--- DATA FOR REVIEW Enclosed Below ---

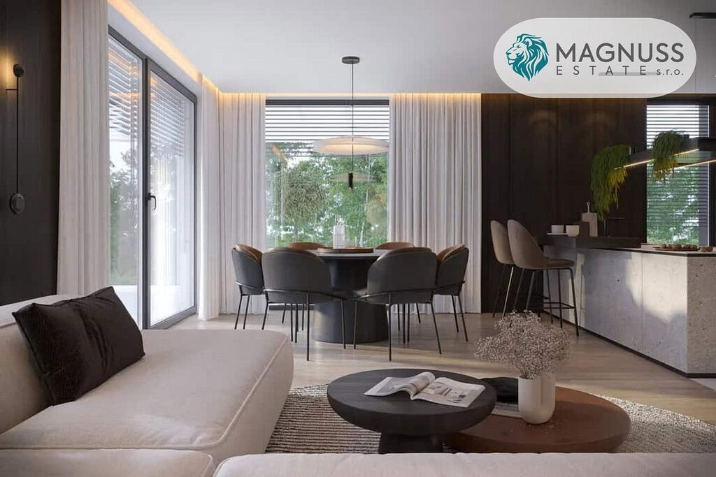 Velkoformátová okna spolu s otevřeným obývacím prostorem propojeným s kuchyní vytvářejí velkorysý, světlý interiér s přímým vstupem na terasu – ideální místo pro odpočinek nebo rodinná a přátelská setkání.
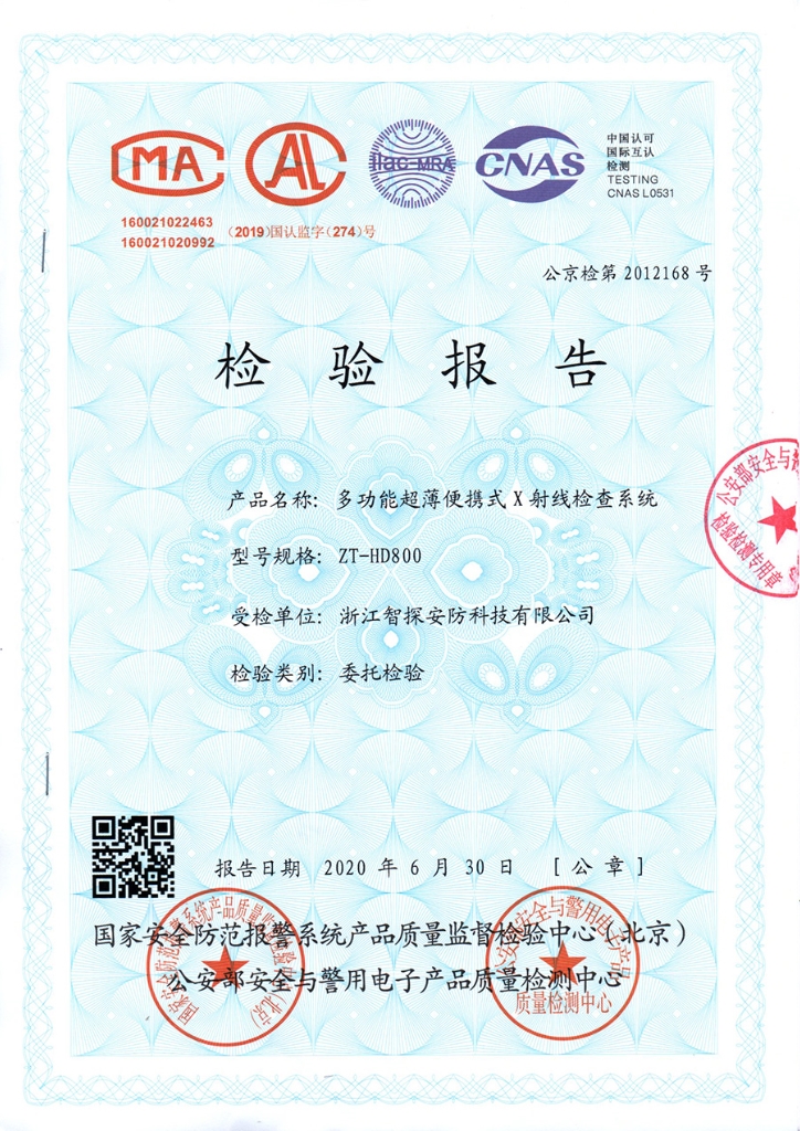 便攜式X光機公安部檢驗報告
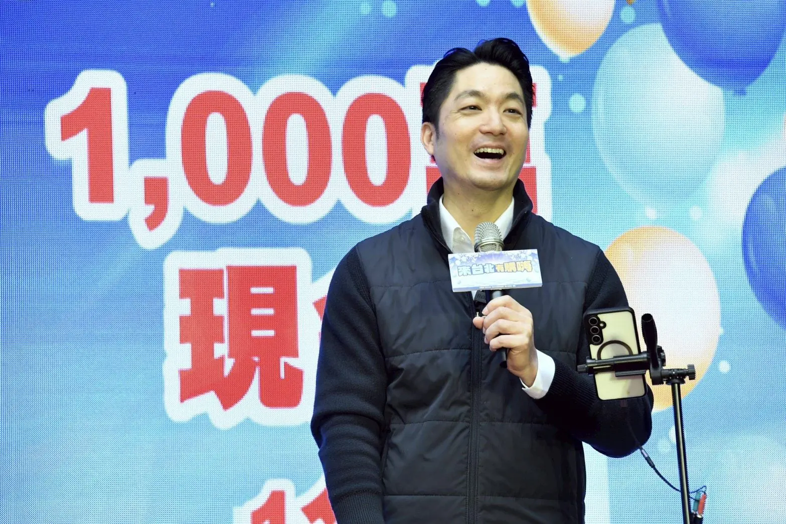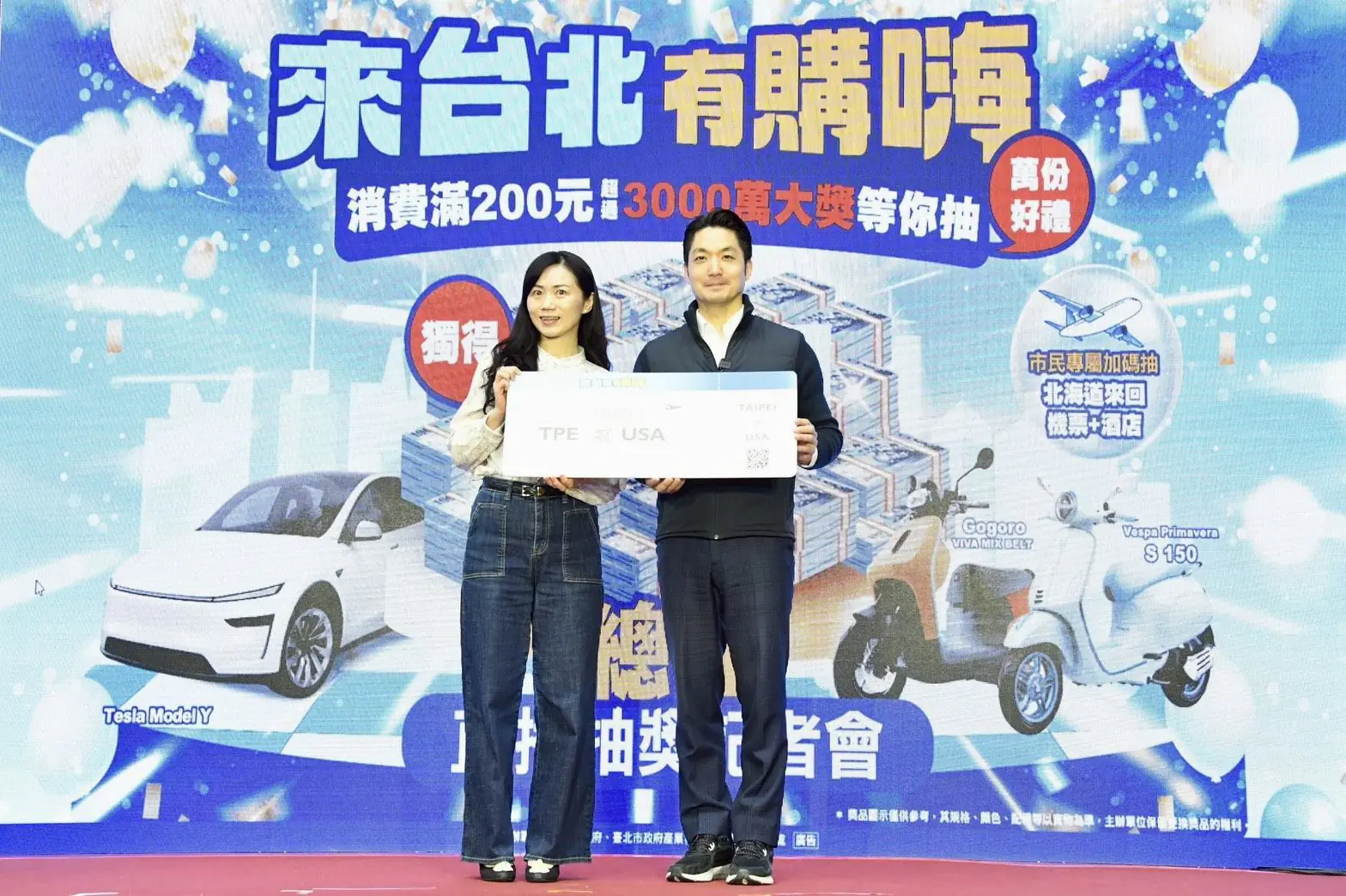 臺北市政府為響應中央普發現金政策,推出「來台北有購嗨 消費歡樂抽」活動,成功帶動消費熱潮,並將消費動能留在臺北。今(11)日舉行壓軸總抽獎記者會,在律師見證下,由臺北市長蔣萬安親自抽出眾所矚目的1,000萬元現金大獎及 Tesla Model Y 等夢幻獎項。此外,活動也特別針對臺北市民加碼送出北海道雙人機加酒套裝行程,為活動畫下圓滿句點。
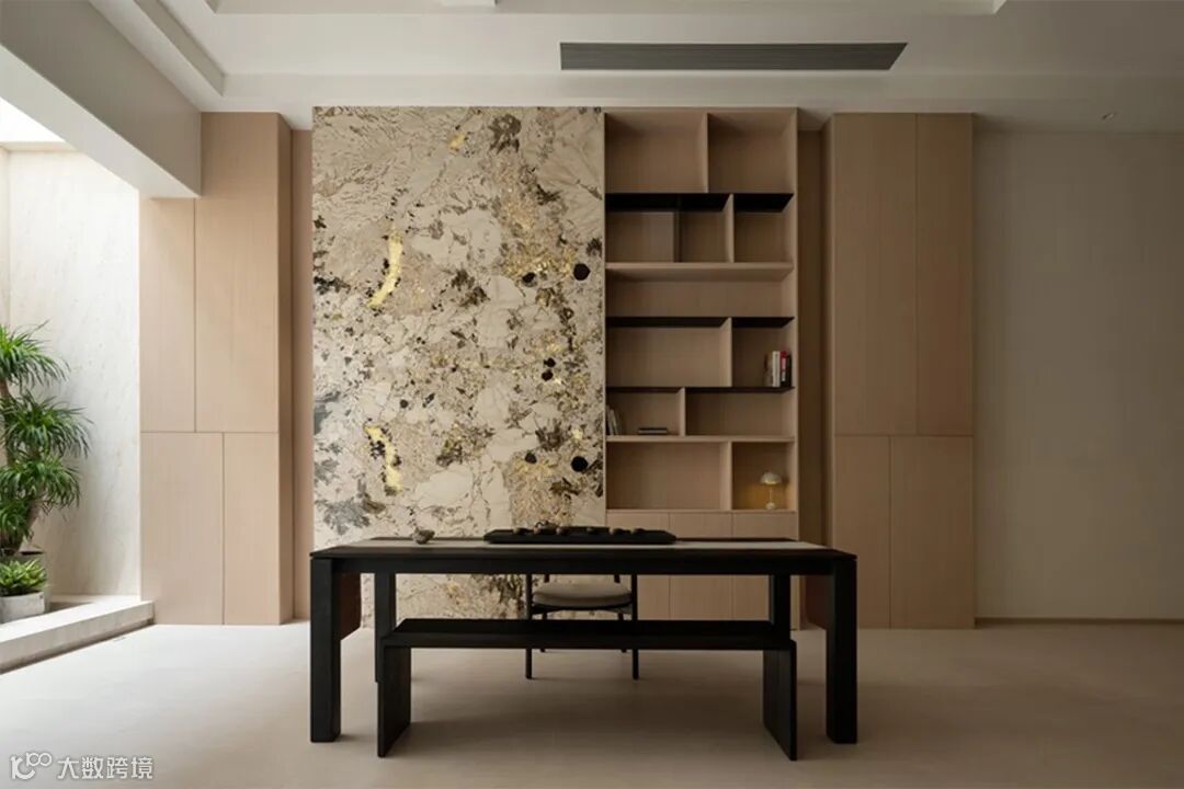 春树榆木,其天然纹理和色彩,更能让人感受到自然的质朴与静谧。茶室简约的设计,留白的墙面,让整个空间更显开阔与宁静。
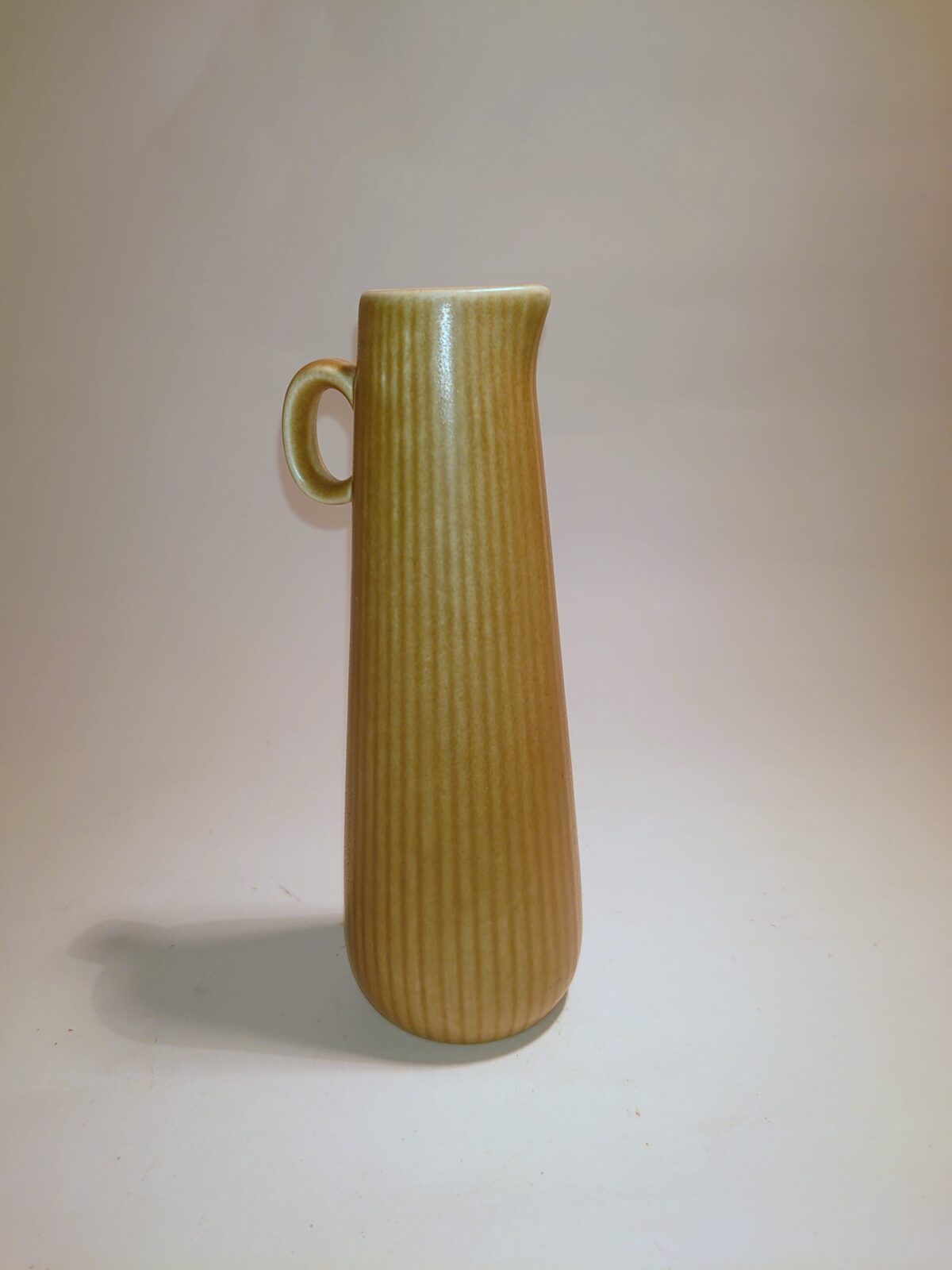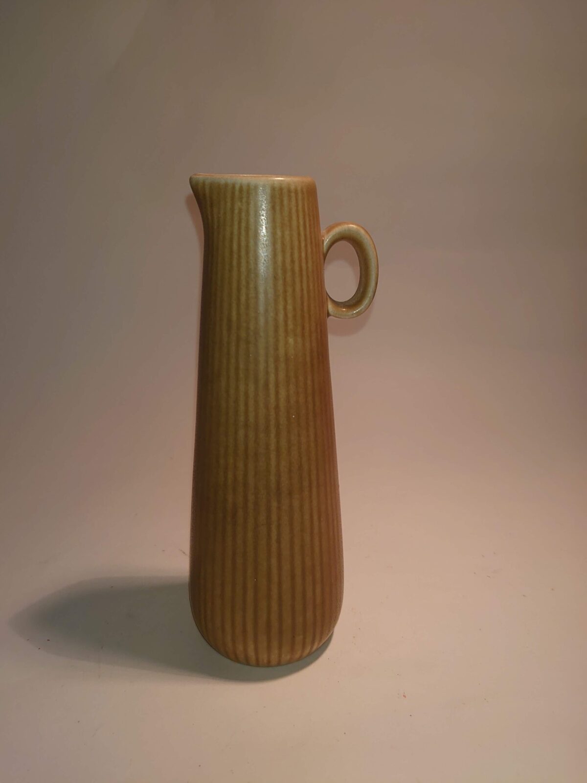 Fin og lækker keramik kande i mat grøn glasur fra Ritzi serien, Rörstrand, formgivet af Gunnar Nylund. Kanden fremstår i flot og hel stand.
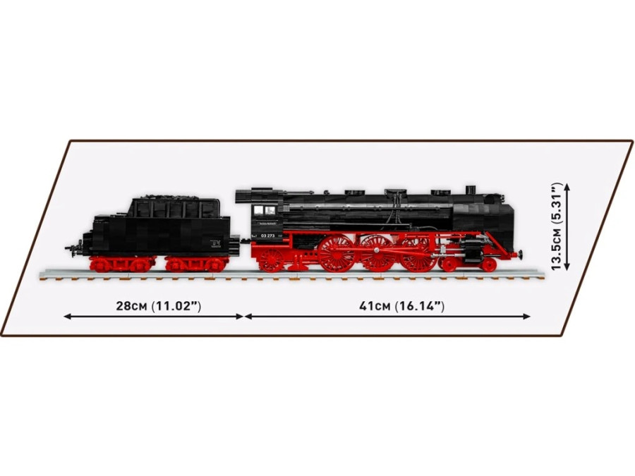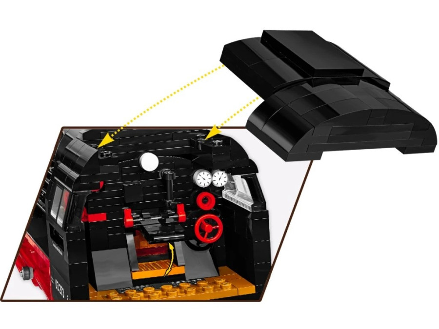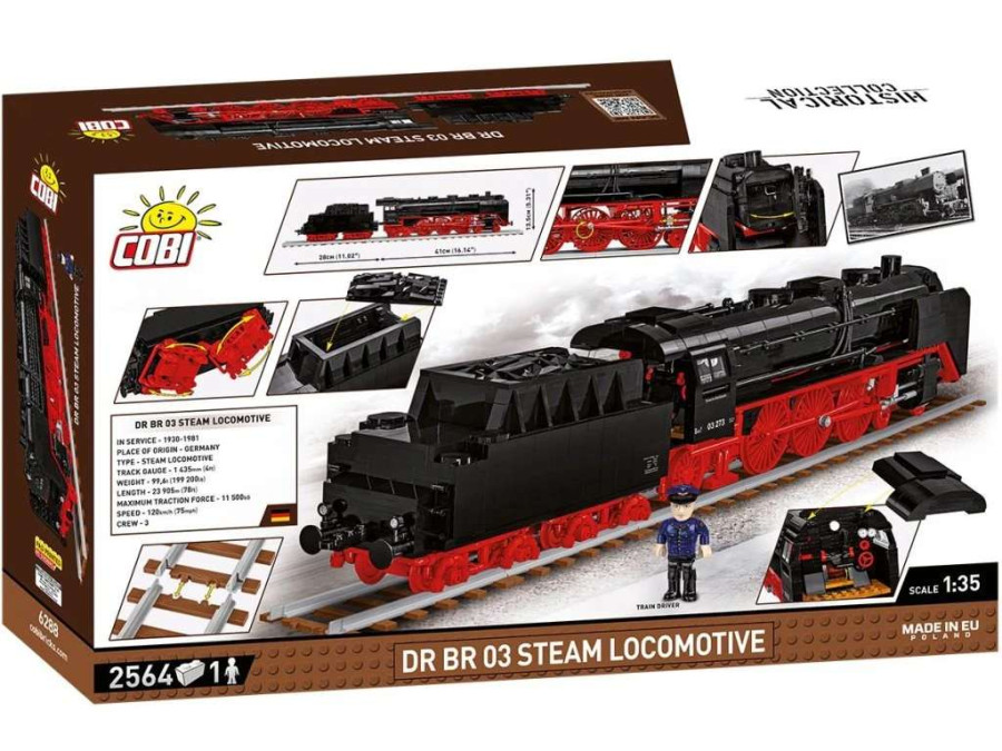 Model je ozdoben detailními potisky zobrazujícími značení lokomotivy Deutsche Reichsbahn a technické tabulky. Standardní verze obsahuje figurku strojvedoucího Deutsche Reichsbahn v klasické železniční uniformě a šest úseků rovných kolejnic, na kterých lze lokomotivu vystavit. Kolejnice od COBI jsou plně kompatibilní s kolejemi jiných značek stavebnic.
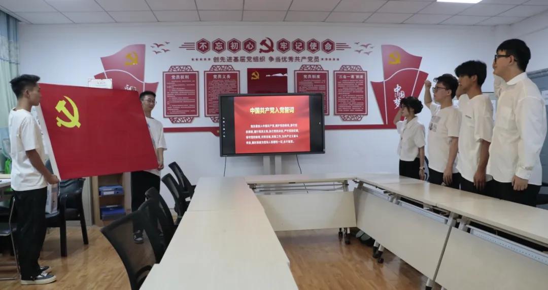 全体新发展党员庄严肃立,举起右拳,面对党旗,庄严宣誓。宣誓完毕后,机卓2201班班长刘子瑜作为新发展党员发言。他表示,要坚定听党话、跟党走的政治信念,勇担科技强国建设的时代使命,在强国建设、民族复兴的历史潮流中勇立潮头,争做时代弄潮儿。
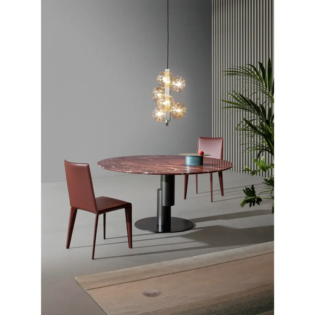 The base of the Innesti modern nesting table, designed by Paolo Grasselli for Bonaldo, appears detached from the upper part of the accessory, as though the top were suspended in the air. The two parts are united by a perfect, yet unexpected joint that puts this table in the spotlight with a great sculptural effect. This element becomes the standout feature of the living area, while dialoguing with the surrounding space thanks to the option of customizing the details with different types of marble, wood and ceramic for the top and different metals for the base.
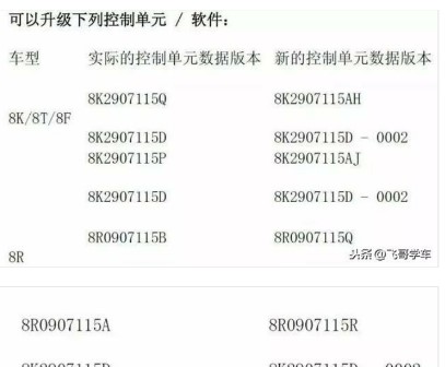 安裝下述措施套件前請先檢查所需的發(fā)動機(jī)控制單元軟件是否可用(見下面的軟件表格)。
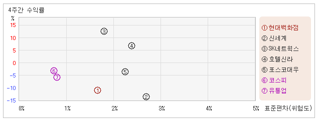 | 현대백화점 | 1.6% | -11.0% | -6.8 |

--- End of Enclosed DATA FOR REVIEW ---

EXERCISE INSTRUCTIONS
I'd like every record transcribed exactly, with no pictures carried over.

ANSWER BOX
 Velkoformátová okna spolu s otevřeným obývacím prostorem propojeným s kuchyní vytvářejí velkorysý, světlý interiér s přímým vstupem na terasu – ideální místo pro odpočinek nebo rodinná a přátelská setkání.
 便攜式X光機公安部檢驗報告
 臺北市政府為響應中央普發現金政策,推出「來台北有購嗨 消費歡樂抽」活動,成功帶動消費熱潮,並將消費動能留在臺北。今(11)日舉行壓軸總抽獎記者會,在律師見證下,由臺北市長蔣萬安親自抽出眾所矚目的1,000萬元現金大獎及 Tesla Model Y 等夢幻獎項。此外,活動也特別針對臺北市民加碼送出北海道雙人機加酒套裝行程,為活動畫下圓滿句點。
 春树榆木,其天然纹理和色彩,更能让人感受到自然的质朴与静谧。茶室简约的设计,留白的墙面,让整个空间更显开阔与宁静。
 Fin og lækker keramik kande i mat grøn glasur fra Ritzi serien, Rörstrand, formgivet af Gunnar Nylund. Kanden fremstår i flot og hel stand.
 Model je ozdoben detailními potisky zobrazujícími značení lokomotivy Deutsche Reichsbahn a technické tabulky. Standardní verze obsahuje figurku strojvedoucího Deutsche Reichsbahn v klasické železniční uniformě a šest úseků rovných kolejnic, na kterých lze lokomotivu vystavit. Kolejnice od COBI jsou plně kompatibilní s kolejemi jiných značek stavebnic.
 全体新发展党员庄严肃立,举起右拳,面对党旗,庄严宣誓。宣誓完毕后,机卓2201班班长刘子瑜作为新发展党员发言。他表示,要坚定听党话、跟党走的政治信念,勇担科技强国建设的时代使命,在强国建设、民族复兴的历史潮流中勇立潮头,争做时代弄潮儿。
 The base of the Innesti modern nesting table, designed by Paolo Grasselli for Bonaldo, appears detached from the upper part of the accessory, as though the top were suspended in the air. The two parts are united by a perfect, yet unexpected joint that puts this table in the spotlight with a great sculptural effect. This element becomes the standout feature of the living area, while dialoguing with the surrounding space thanks to the option of customizing the details with different types of marble, wood and ceramic for the top and different metals for the base.
 安裝下述措施套件前請先檢查所需的發(fā)動機(jī)控制單元軟件是否可用(見下面的軟件表格)。
 | 현대백화점 | 1.6% | -11.0% | -6.8 |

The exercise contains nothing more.